I didn’t think he heard or believed a thing I said, so I reassured him. “You see at this moment how much more important your hair is to you than the house? Wouldn’t you give up the house if you could have your hair back with no menace of it falling out?” I think he sketched a nod, but cocked his head again with no answer for me. “Look, you must calm down and wait for real things to happen in the right time, then you’ll see what attitude to take to remedy whatever afflicts you. Don’t precipitate any act that you may regret later or make some loved one cry for you. Didn’t you learn from your past? Enjoy this backyard. Sit on the ground. Close your eyes and breathe. Think of nothing, think of yourself as a piece of the whole universe, a sacred important piece. Hold in this position for three minutes at least.

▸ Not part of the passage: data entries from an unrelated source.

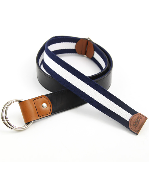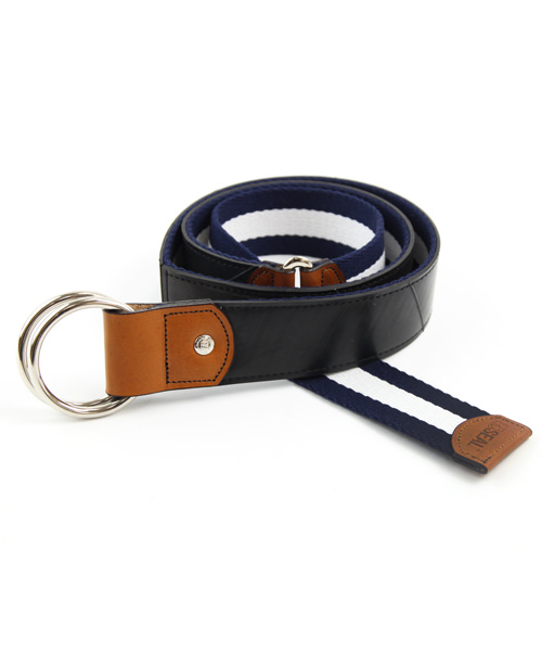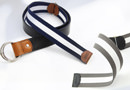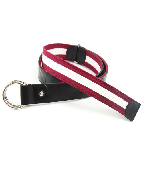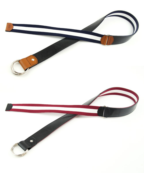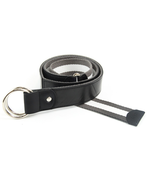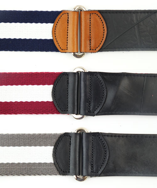 国産の上質なラインテープを使用した、リングベルト。タイヤチューブと本革、ラインテープが絶妙なバランスで組み合わされたリングベルトは、カジュアルなパンツスタイルに映えます。また、リバーシブルでも使用できるので、スタイルに合わせて使用して頂けます。※リバーシブルで使用される場合は、タイヤの色移りにご注意ください。 このライン リングベルトは、一個辺り約185gのCO2が削減されます。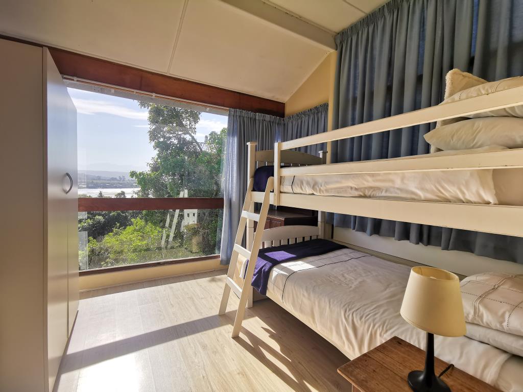 BEDROOM 1 (Upstairs): Sunny Bedroom with views, fitted with bunk bed.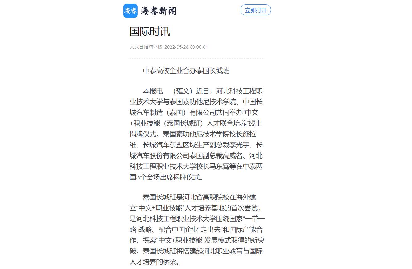 长期以来,best365中国官方网站积极响应中国教育“走出去”、服务中资企业发展的方针,不断挖掘合作企业需求。2021年,该校在泰国成立“中泰汽车产业学院”,实现对素叻他尼技术学院的教育输出目标。2022年,在国内有关部门和长城汽车集团的支持下,该校与泰方合作共建服务中资企业的长城班,以“个十百千万”的产学研为目标(用一个产业带动十个专业,培养百名本土师资,输出千人企业计划,建设万余碎片集成课程),以“中文+新能源汽车技能”的教学方式,为长城汽车制造(泰国)有限公司提供泰国人才储蓄池。(来源:人民日报海外版)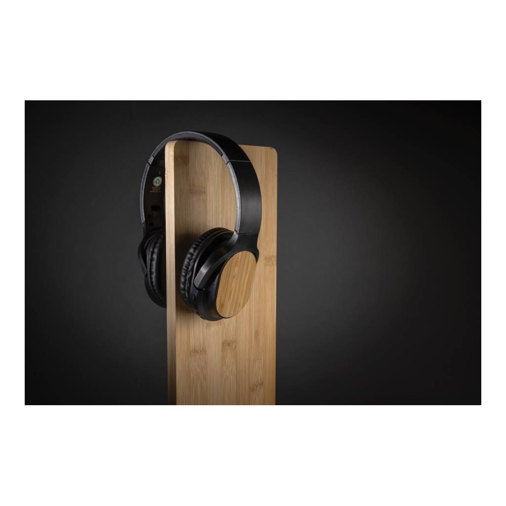 Udobne i izdržljive bežične slušalice koje koriste BT5.1 za super glatku vezu i dugotrajnu reprodukciju. Izrađen od recikliranih materijala s certifikatom RCS (Recycled Claim Standard). S FSC® 100% detaljima dizajna od bambusa na jastučićima za uši. Ukupni reciklirani sadržaj: 66 % na temelju ukupne težine predmeta. RCS certifikat osigurava potpuno certificirani opskrbni lanac recikliranih materijala. Preko ušnog dizajna slušalica omogućuje savršeno iskustvo zvuka. Sklopivi dizajn za jednostavno skladištenje. Ugrađena litijumska baterija od 200 mah koja omogućuje reprodukciju do 5 sati i može se u potpunosti napuniti za 2 sata. Radna udaljenost do 10 metara. Uključujući mikrofon za odgovaranje na telefonske pozive. Uključujući RCS certificirani reciklirani TPE kabel za punjenje. Pakirano u FSC® mix ambalažu.

That will calm you and help you to go through hard time or not. Today you’re not sure if you will lose your hair, so don’t worry with that at this moment,” I said, looking at the time on my cellular. 3:30. “I have to go, Americus. Follow me to my car.”

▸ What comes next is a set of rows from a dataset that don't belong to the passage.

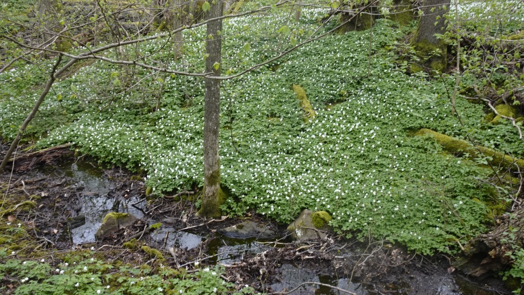no sin antes asomarnos a la quebrada de las vitsippa (anemona nemorosa) primeros brotes de florecillas blancas del bosque en primavera…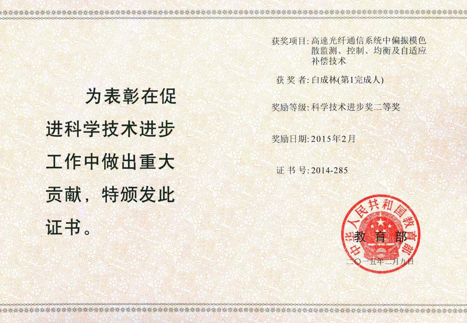 教育部科学技术进步奖二等奖(白成林)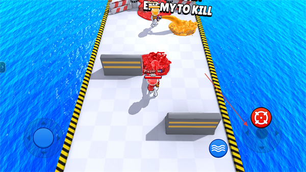 2、点击界面右侧的红色瞄准按钮,即可操控角色发射油漆,发射的油漆会覆盖地面与目标,需结合移动调整角度以提升覆盖效率。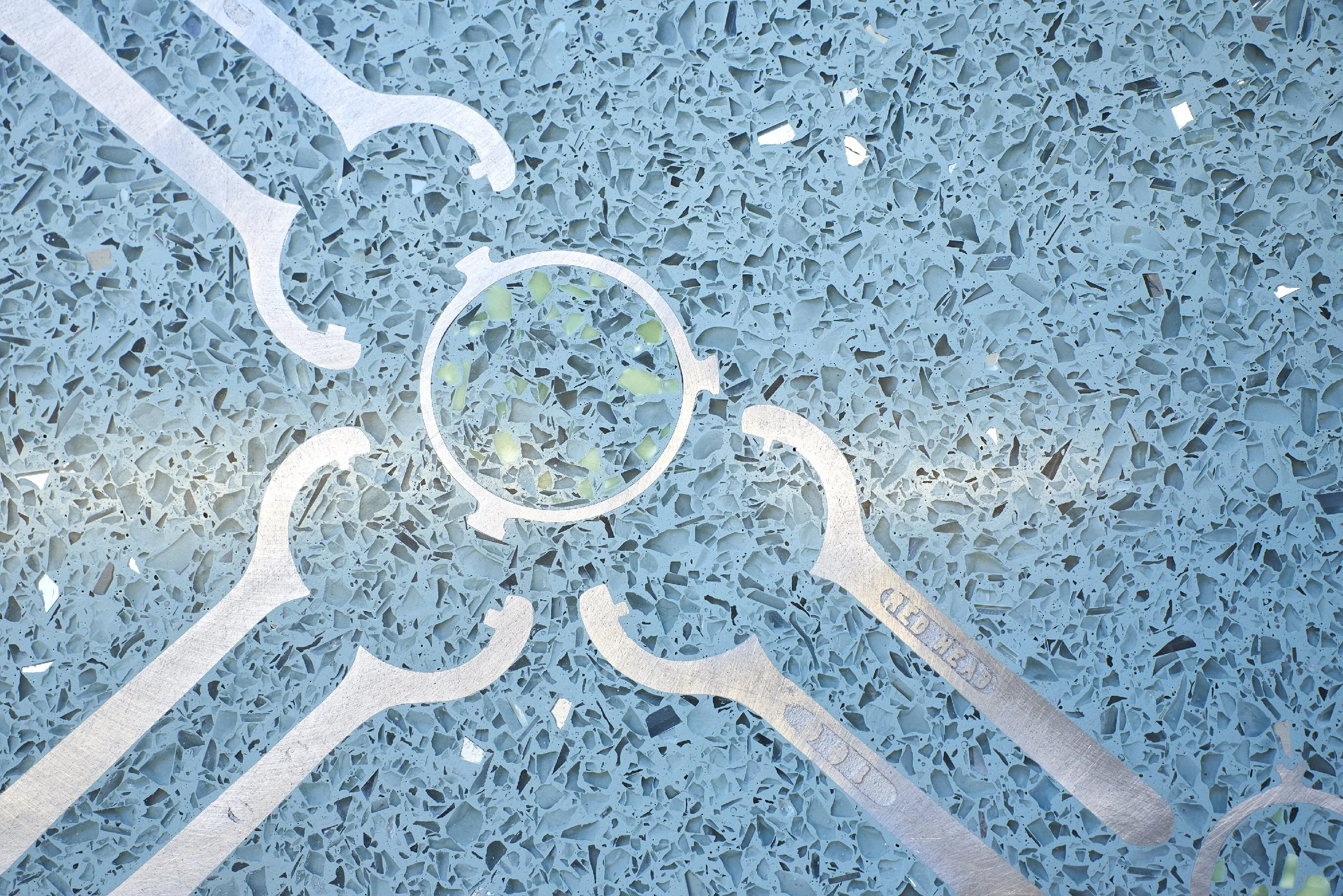 Rug Runner, 2020. Terrazzo, solar-charged luminescent chips, aluminum and decommissioned spanners and couplings. 74 x 3 ft (21.64 x 0.91m). Location: Scottsdale, AZ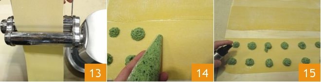 Take the fresh pasta dough and remove the plastic wrap. Lightly floured the dough with semolina and divide it into two equal pieces. Cover one of the two pieces with plastic wrap and take the other one. Pass it between the rollers 13, setting the machine from the widest roll to the narrowest until you obtain a rectangular sheet with a thickness of about 2 mm (the thickness of a nickel) and 10 cm (4 inches) wide. Then roll the second piece of dough through the pasta machine in the same way. Place them on a work surface lightly floured with semolina. Then, using the pastry bag, place small dollops of filling on one of the two pasta sheets, about 3 cm away from each other 14. Spray or, if you prefer, brush the edges of the pastry with a little water: this will allow the two sheets to better stick together 15.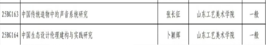 近日,文化和旅游部科技教育司、全国艺术科学规划领导小组办公室下发立项通知,正式公布了2025年国家社科基金艺术学年度项目立项名单。山东工艺美术学院张长征教授申报的《中国传统造物中的声音系统研究》、卜颖辉副教授申报的《中国生态设计伦理建构与实践研究》顺利获批一般项目。

Three days later, the phone rang. “Hello, Joey? This is Ignacio. How are you?” I heard an urgency in Americus’ brother’s voice.

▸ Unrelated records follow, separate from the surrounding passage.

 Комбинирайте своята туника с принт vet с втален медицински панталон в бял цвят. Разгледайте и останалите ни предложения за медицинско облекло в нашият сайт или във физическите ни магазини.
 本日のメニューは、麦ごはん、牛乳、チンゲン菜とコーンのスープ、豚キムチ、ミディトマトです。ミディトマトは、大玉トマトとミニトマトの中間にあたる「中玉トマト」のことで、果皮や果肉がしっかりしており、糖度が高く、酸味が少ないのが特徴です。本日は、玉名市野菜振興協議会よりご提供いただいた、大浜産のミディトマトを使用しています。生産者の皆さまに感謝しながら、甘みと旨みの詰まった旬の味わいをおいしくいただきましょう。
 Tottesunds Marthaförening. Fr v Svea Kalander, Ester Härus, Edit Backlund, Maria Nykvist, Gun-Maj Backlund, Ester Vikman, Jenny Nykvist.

“O! Hi, Ignacio. I’m doing great. You?”
“Terrible! My brother was found hanged this morning. When mom buzzed for her six o’clock kidney medication, he didn’t come. She sensed something terrible could happen to her if her medication was not perhaps administered at the usual time, so she called 911. Americus left a note for you:
“I couldn’t take it, Joey, and sent myself to oblivion. I precipitate against my life too. One thing I learned in this life, I was coward to live, but not coward to die. You talked so deeply true when visiting me three days ago. I meditated. I was calm for a while, but the old anxiety took me, and I felt peace isn’t for a tired and vicious soul like mine unless you’d be around me night and day, for your voice pretty much comforted me. I know you were tired as hell of my nonsense through this life. Forgive me whatever I did to annoy you. I also know of your loyalty to me. I was glad I encountered you. You’re right. A million dollar house is not worth any exchange for well being.”